Universal Life and Indexed Universal Life insurance can be designed as a flexible, low premium insurance policy that offers the option to provide permanent death benefits and cash value growth potential for the Mortgage Protection market.

These can be designed primarily for the mortgage protection market, UL/IUL can provide at least 20 years of coverage by paying the minimum premium, based on current illustration assumptions. It can also serve as an alternative to term products and has applications for the personal and business markets where there is a need for a fixed or indexed universal life product.

UL/IUL’s can be accompanied with a comprehensive rider portfolio including no additional cost accelerated benefits riders which provide money in the event of a terminal, chronic, or critical illness.

These riders are generally provided at no cost in the mortgage protection market and are perfect for clients concerned with unknown changing health down the road. (Payment of accelerated benefits will reduce cash value and death benefit. Benefits are not mutually exclusive. Using one benefit may reduce or eliminate another.)

“As an alternative to term life insurance in the mortgage protection market UL and IUL can be designed to provide high death benefit protection with a low out of pocket premium cost to your clients.

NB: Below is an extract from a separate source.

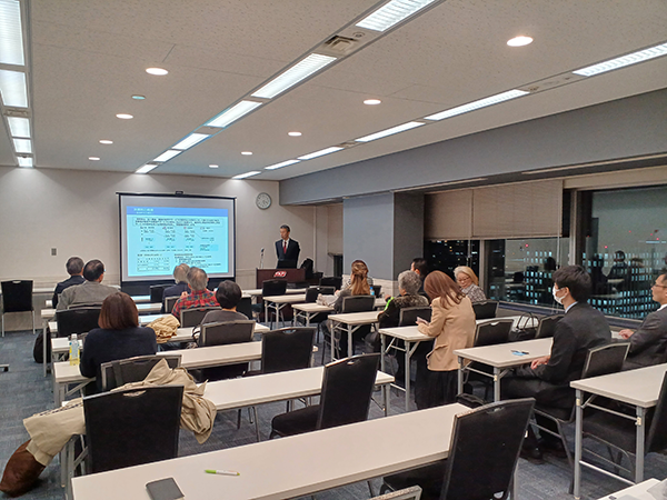 2025/11/17 秋の半日研修会及び懇親会が開催されました11月17日(月)、秋の半日研修会と懇親会が開催されました。今回の研修会の内容は、FMヨコハマのリポーターの藤田優一さんの講演会、FMヨコハマの放送スタジオ訪問、横浜中税務署の小岩井副署長の講演会の三本柱。研修会から懇親会まで、すべてランドマークタワー内で完結するという、ほぼエレベーターの上下移動で収まる効率のいい行程でした。 15時にランドマークタワーのオフィス棟ロビーに集合して、同タワー25階の貸し会議室へ移動。参加者は16名で、FMヨコハマリポーターの藤田優一さんの話を約45分間、聴きました。藤田さんがリポーターになった経緯、リポーターとしての経歴や印象に残った出来事、正しい発音と時代による変化、神奈川県内のおすすめスポットなどの内容で、話のプロの楽しい語り口に引き寄せられました。 16時15分頃からFMヨコハマの放送スタジオに移動。エレベーターで25階から3階まで下りて、エレベーターを乗り換えて10階のスタジオに上がるだけの移動でした。FMヨコハマでは2班に分かれ、非常用バッテリー施設とオンエア中のスタジオを外から見学しました。 FMヨコハマのスタジオ見学後は、再び25階の貸し会議室に移動して、横浜中税務署の小岩井副署長の講演会。17時15分から約40分、消費税関係の話と、小岩井副署長の前任地の広島の話を聴きました。消費税の概要、変遷など、プロジェクターを使って分かりやすく解説していただきました。 講演会後は懇親会。今度は5階に移動して、台湾料理店「阿里山城」で約2時間、食事と歓談を楽しみました。 ![]() ランドマークタワー25階の眺めのいい貸し会議室で、FMヨコハマのリポーター、藤田優一さんの講演を聴講 ![]() 参加者で藤田さんを囲んで ![]() FMヨコハマのスタジオ入り口で ![]() FMヨコハマのスタジオを見学 ![]() 横浜中税務署の小岩井副署長の講演を聴講 ![]() ランドマークタワー5階の台湾料理店、阿里山城で懇親会 |

With these two products comes flexibility.

Depending on the company and product premium and death benefit can be modified so as your clients’ needs change, their policy can too without having to apply for another policy in the future," says Patrick “The Skipper” Pegram, chief market strategist and senior partner at Legacy.

Additionally, Pegram states, “As one of the greatest unknows is our future health, UL and IUL can be a life saver when after 20 or 30 years our health may prevent us from qualifying for a life insurance policy. Having the flexibility to increase the death benefit and cash value is a perfect solution.”

Lastly, using UL/IUL for Mortgage Protection is an excellent solution for those clients looking for return-of-premium plans. In most cases, folks that are close to or over the age of 50, the cost for ROP term policy is cost prohibitive. The cash value accumulation in a universal life insurance policy while provide your client with available cash along the way that can be used as a partial ROP when the policy goal has been met.